一発目は歩兵が隠れていた瓦礫に食い込んだが、
歩兵が攻撃してくる瞬間を狙い、もう一度銃弾を放つと
銃弾は歩兵の胸を貫き、負傷した歩兵は崩れ落ちるかのように倒れた。
他の強襲隊員も迎撃に成功したようで、
増田軍曹は相手小隊の殲滅を確認すると、
「態勢を整えろ!!」
と怒号を放った。
隊列を整えた強襲隊は殲滅した小隊の横を駆け抜けると、
真っ黒な排気を吐き出しながら中心部へと向かった。
「思ったより路面状況が悪い、こけるなよ!」
増田軍曹が叫ぶ。
路面には崩壊した建物の残骸や瓦礫が散乱しており、
走行するには最悪の路面状況である。
しかし、こうして向かっている間にも友軍は消耗しているため、速度を緩めることはできない。

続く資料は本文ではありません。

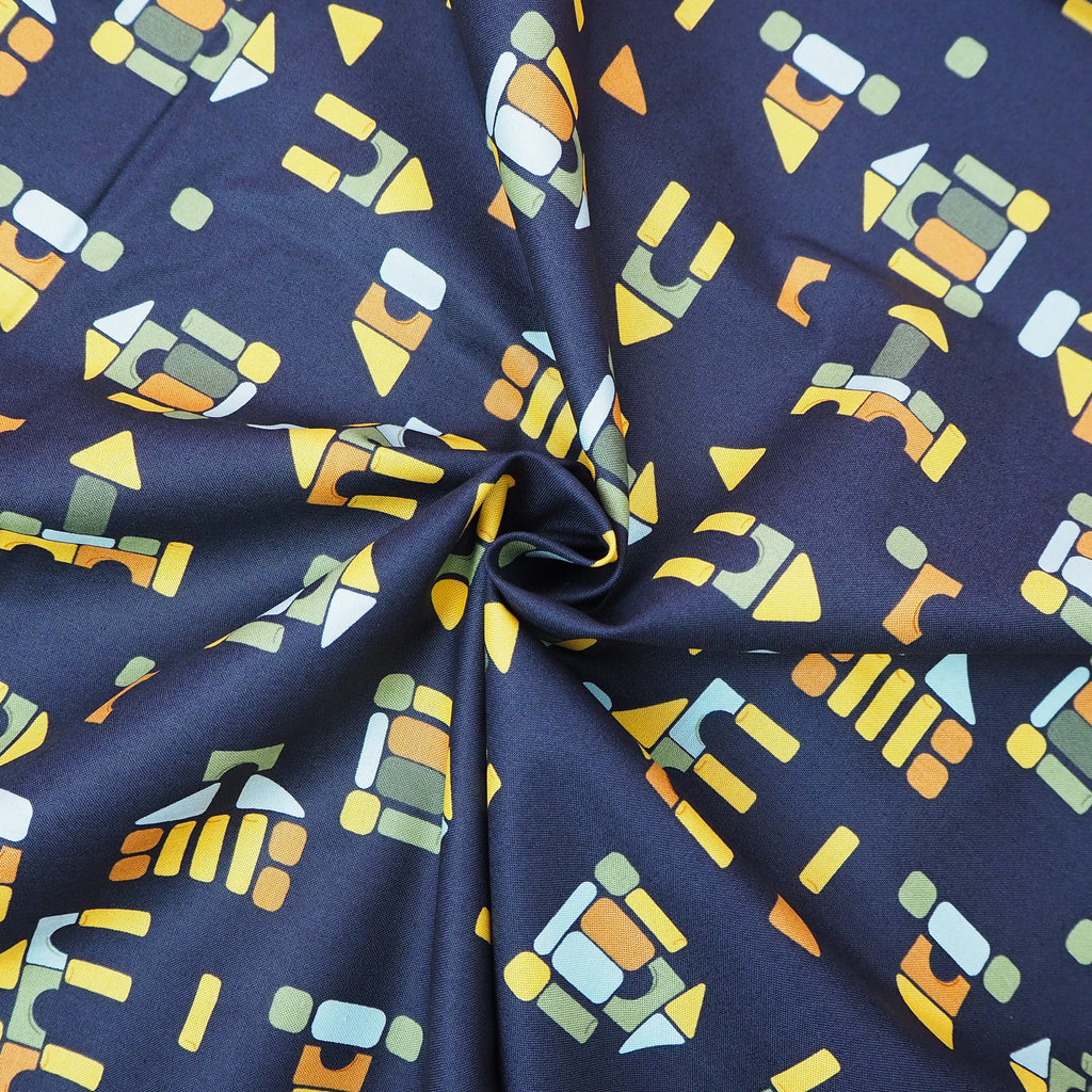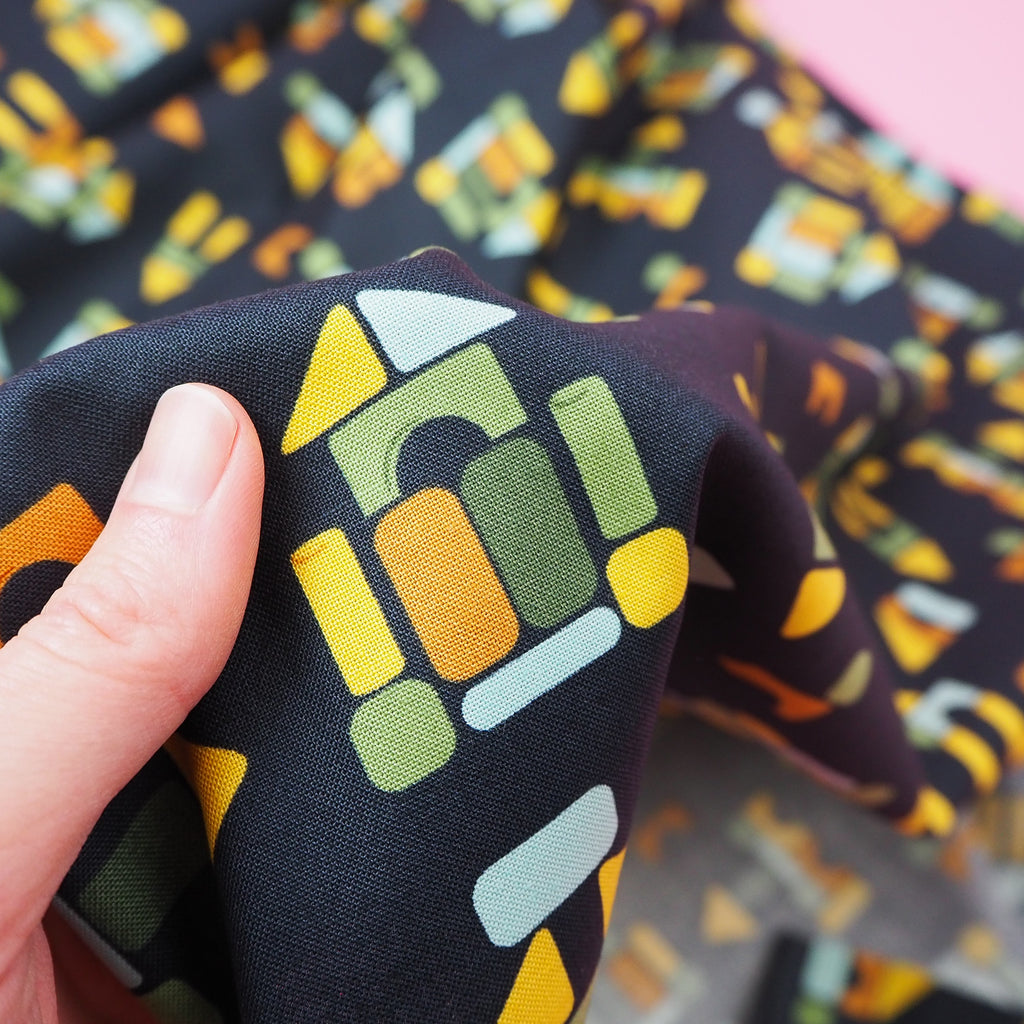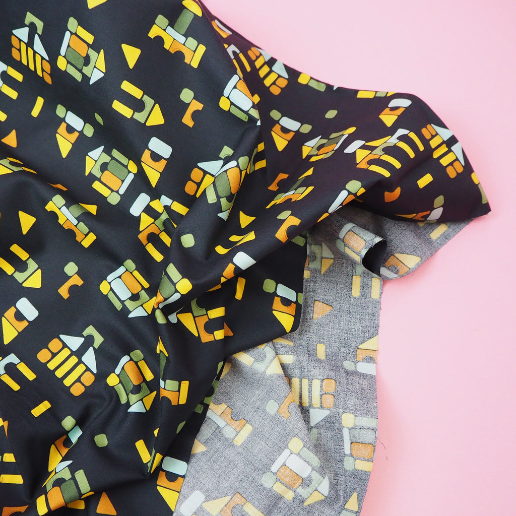 Take a trip back to childhood with this amazing building block print black cotton designed by Stacy Iest Hsu for Moda Fabrics.
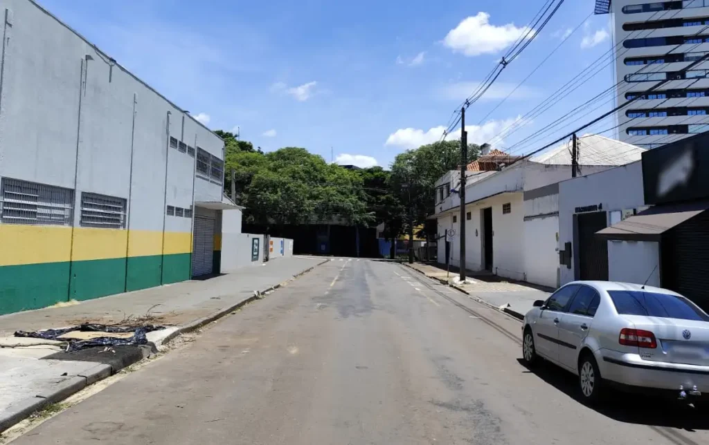Em 2011, quando a esquina era ocupada por uma agência dos Correios, eram três árvores de um lado e nenhuma do outro (abaixo). Em 2023, o número reduziu para duas, e agora um estabelecimento comercial teria concretado o espaço que eram ocupados por elas.
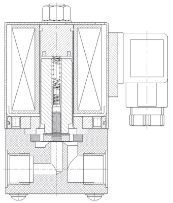 Нормально закрытый соленоидный клапан – это магнитный клапан, в котором закрытое положение сохраняется, если управляющее напряжение на его индукционную катушку не подается. При подаче напряжения на катушку нормально закрытый клапан открывается и пропускает через себя поток рабочей среды. При отключении управляющего напряжения этот клапан автоматически закрывается и перекрывает поток рабочей среды в трубопроводе. При обрыве провода управляющего напряжения клапан будет закрыт.
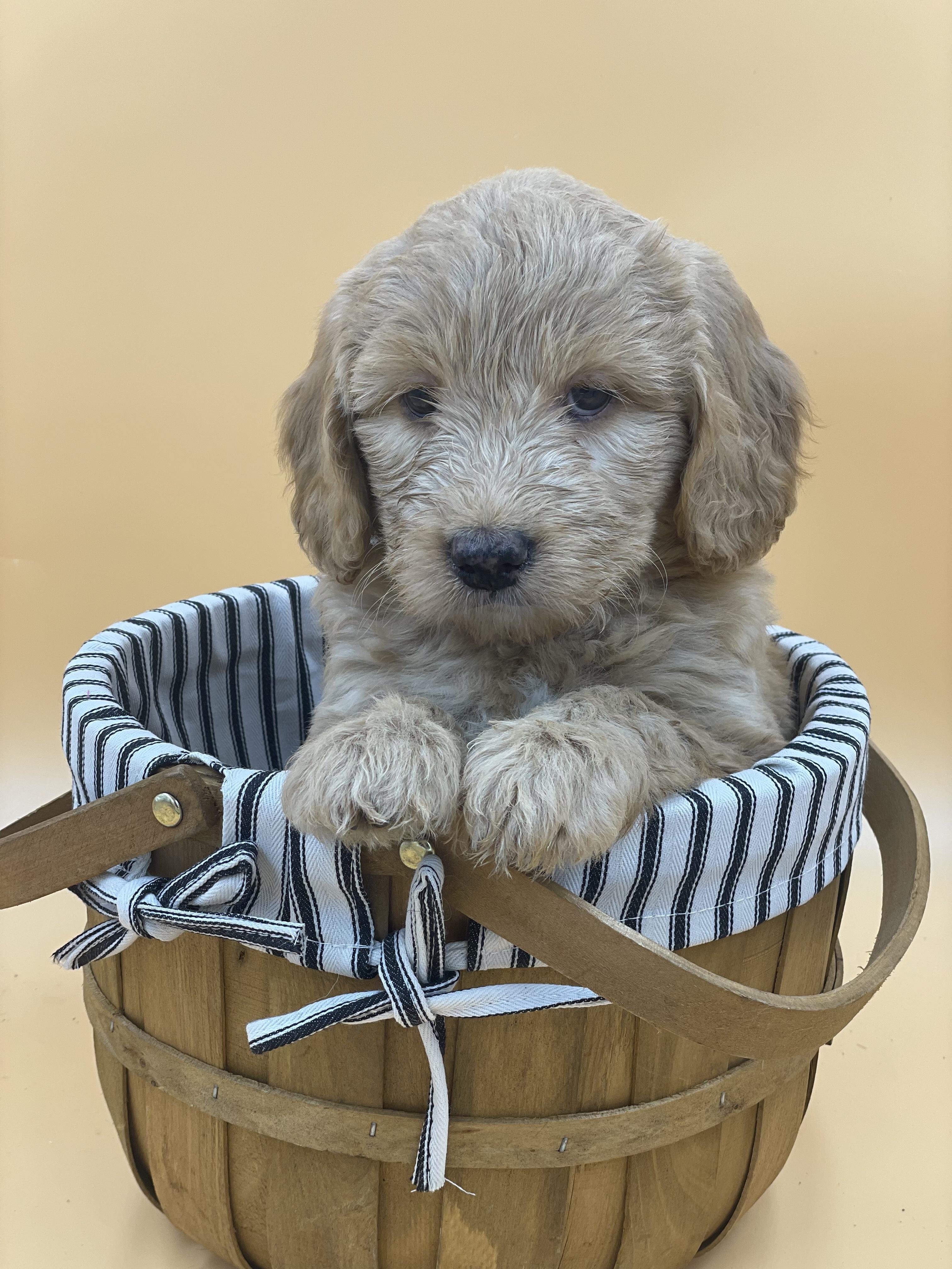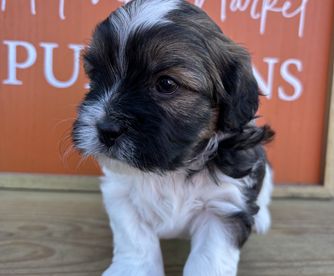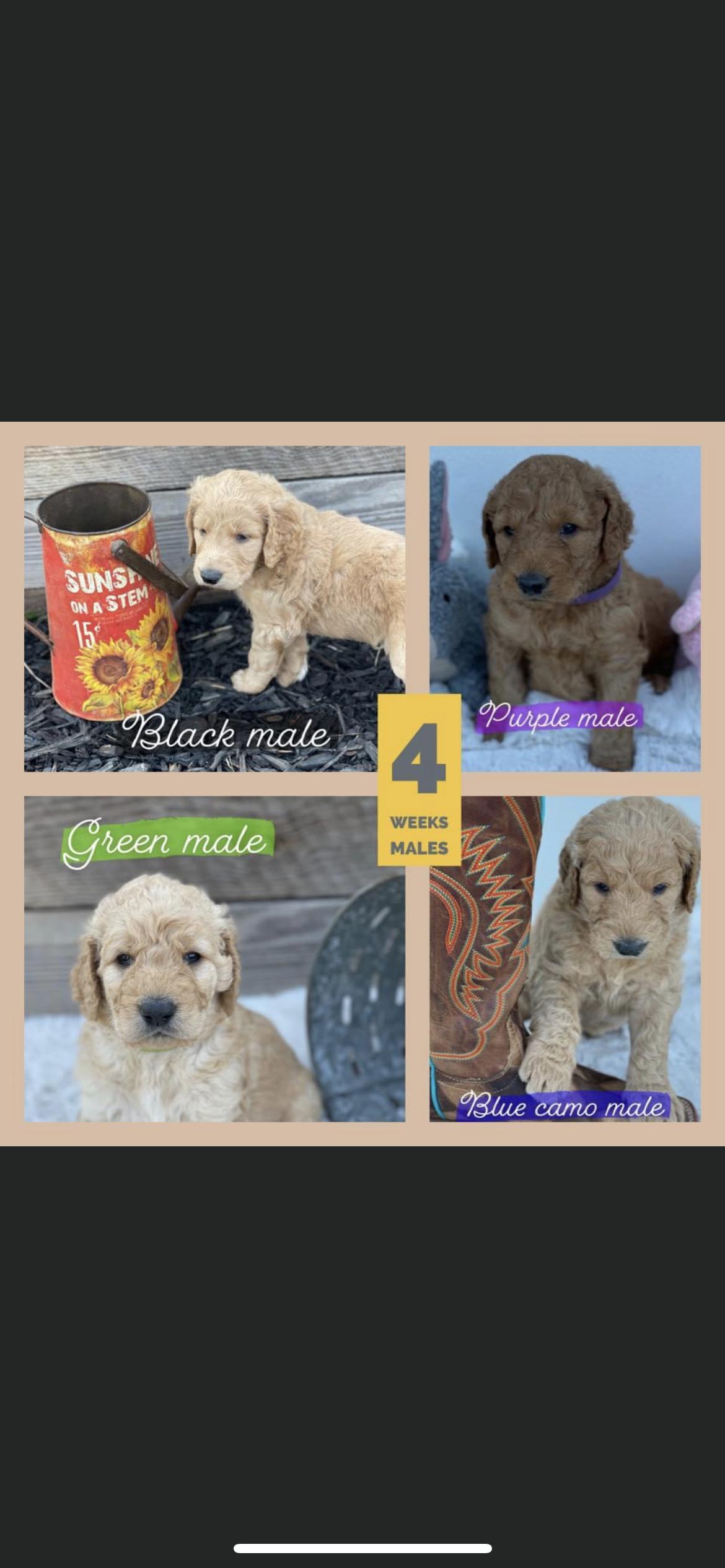 Our Goldendoodle puppies include cream, apricot, and merle. Cavapoo puppies are blenheim. Shihpoo puppies are black and white. Colors will vary depending on the parent dogs.
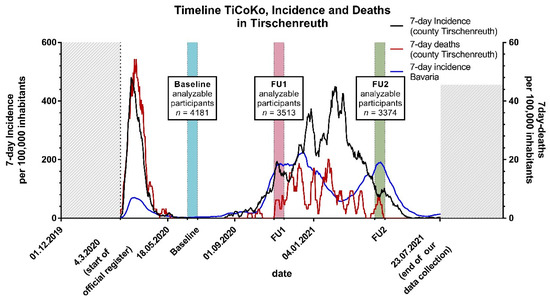 The cohort at baseline (BL) was described in detail in Wagner et al. 2021 [9]. In brief, 4203 randomly selected inhabitants of Tirschenreuth aged 14 years or older participated in the baseline survey of the TiKoCo study (response rate: 64.3%). Study participants came to the study center or requested a visit at home between 28th June and 13th July 2020.
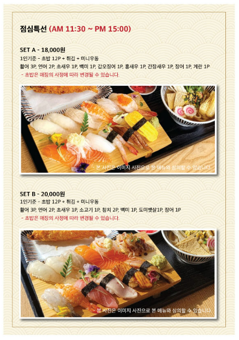 자리에 앉으니 직원분이 메뉴판을 가져다 준다. 점심특선 메뉴는11:30 ~ 15:00 까지 주문이 가능하고 여러종류 초밥과 튀김, 미니우동까지 있기에 SET B로 2인분을 주문한다.
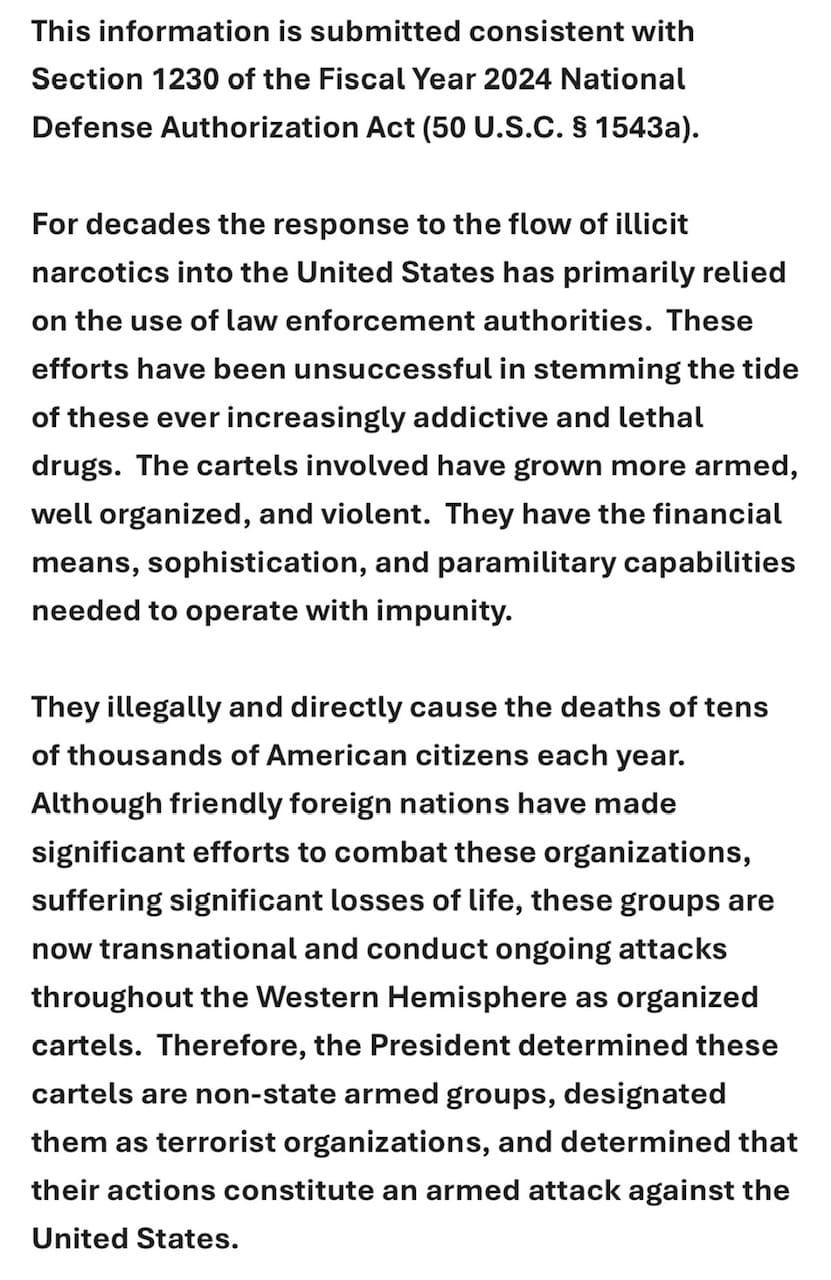 MEMO obtained by @NewsNation @JoeKhalilTV to a select few in Congress lays out that DRUG CARTELS are now “non-state armed groups, terrorist organizations” and the President has determined the U.S. is engaged in “non-international… pic.twitter.com/LDbg8mnn2x
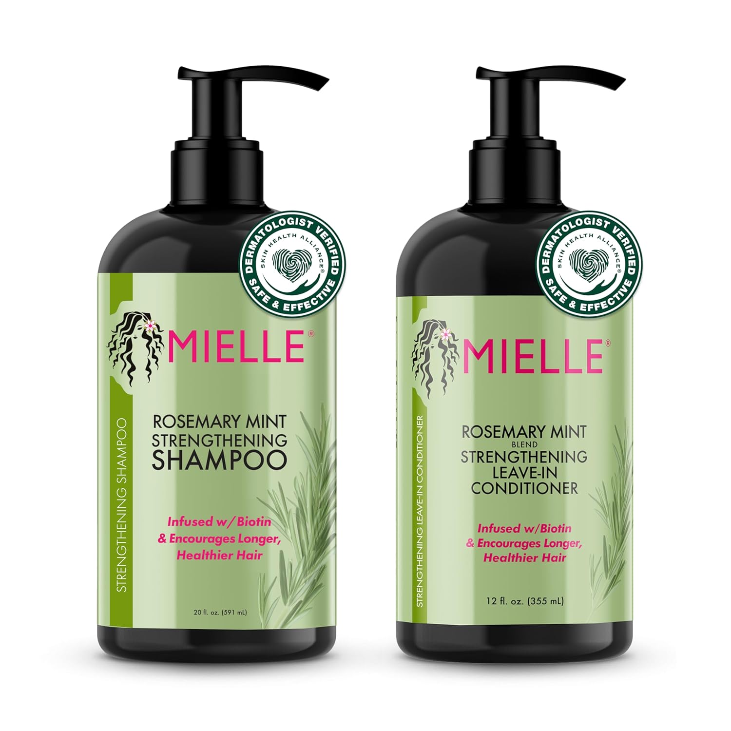 - Mielle Organics Rosemary Mint Strengthening Shampoo and Leave-In Conditioner Infused with Biotin, Cleanses and Helps Strengthen Weak and Brittle Hair, 12 Ounces
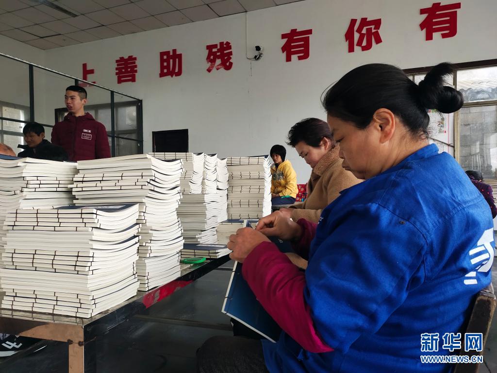 残障人士在长沙市上善助残服务中心的厂房内包装图书(4月25日摄)。
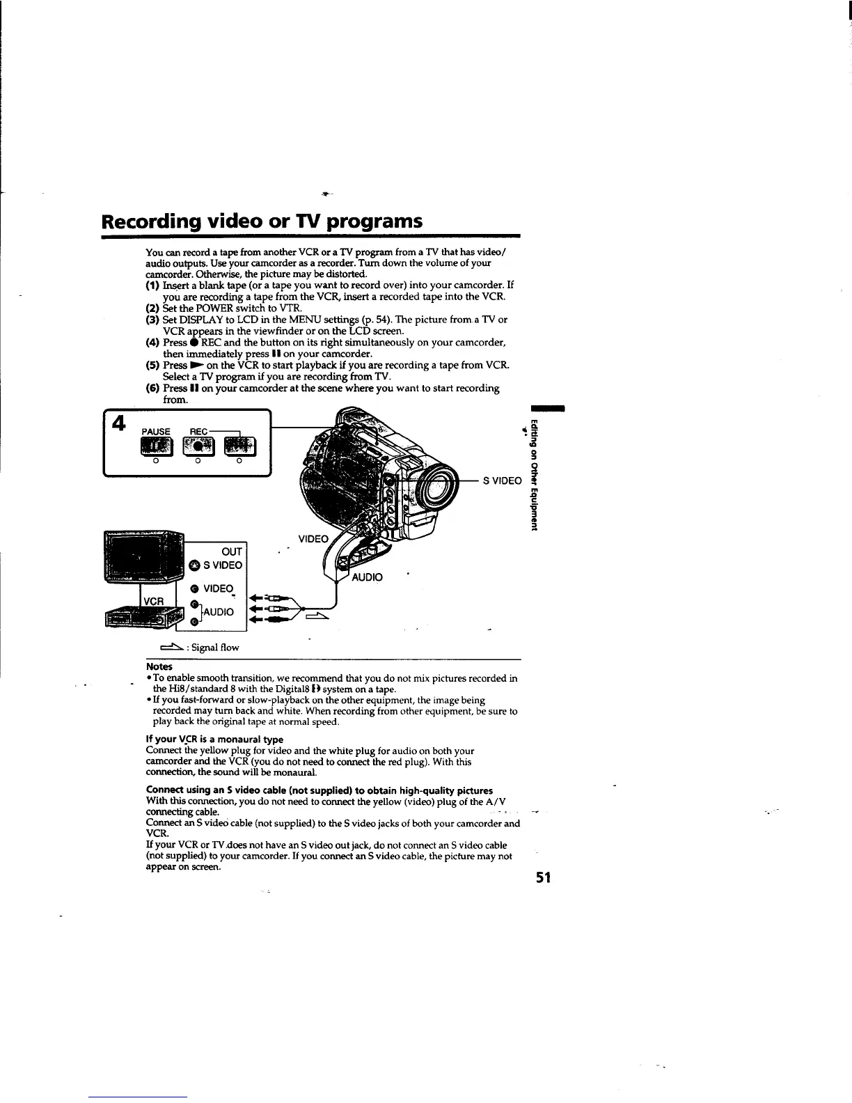 Sony Handycam DCR-TRV310 - Recording Video or TV Programs; If Your VCR Is a Monaural Type; Connect Using a S Video Cable to Obtain High-Quality Pictures

ヤマはタイヤが感じとる僅かな感触に細心の注意を払いながらも、
防衛任務を果たすためスロットルをぐっ、とさらに捻りこんだ。
だが、強襲隊が中心部である公園広場にたどり着いた時には
友軍はヘパストス軍の熾烈な攻撃によって、完全に疲弊しきった状態であった。
強襲隊は広場内に設置された土嚢をバリケード縫うように通り抜けると、
エンジンをかけたまま停車した。
「おい!戦況はどうなってる!?」
「いいように見えるか!?糞虫どもの鉄屑野郎のせいで俺たちは負傷者も運べない状況だ!このままだと、穴あきチーズみたくなっちまう!!」
見ると、広場には多くの負傷兵が横たわっており医療兵が治療にあたるも
あまりの多さに手が回らなくなっている。
治療を後回しにされている兵は、
うめき声をあげながらぐったりと力なく治療をまっている。
先程の増田軍曹と友軍兵士の会話から、戦況はかなり悪い事がわかる。
増田軍曹は戦況を確認すると、すぐに後ろを向き
「今から二手に分かれて敵軍を叩く!町田と知尾と中崎は東側を回れ!
柴田と桐山は俺とこい!中央の噴水で合流する!」
と指示を出した。
「オイラぜってえ機甲兵をぶち壊してくるからさ、あとで壊した数競おうぜ」
チビがおちゃらけたように拳をヤマに突き出す。
その拳は、被弾の恐怖からか敵を撃つ高揚からか小刻みに震えていた。
「そんな余裕があったらな、あんまりはしゃぎすぎるなよ」
ヤマも拳を突き出す。
革の手袋を着けた拳がぶつかり合い、乾いた小さな音をたてた。
「いけるな、桐山」
増田軍曹がごん、とヤマの鉄帽を叩きながら言う。
「どこの軍曹に育てられたと思ってるんですか、いつでも大丈夫ですよ」
「その軽口が叩ければ十分だ、行くぞ!」
その言葉を皮切りに、六台のバイクは獲物を喰らいにいく豹のように轟音をたてながら走り出した。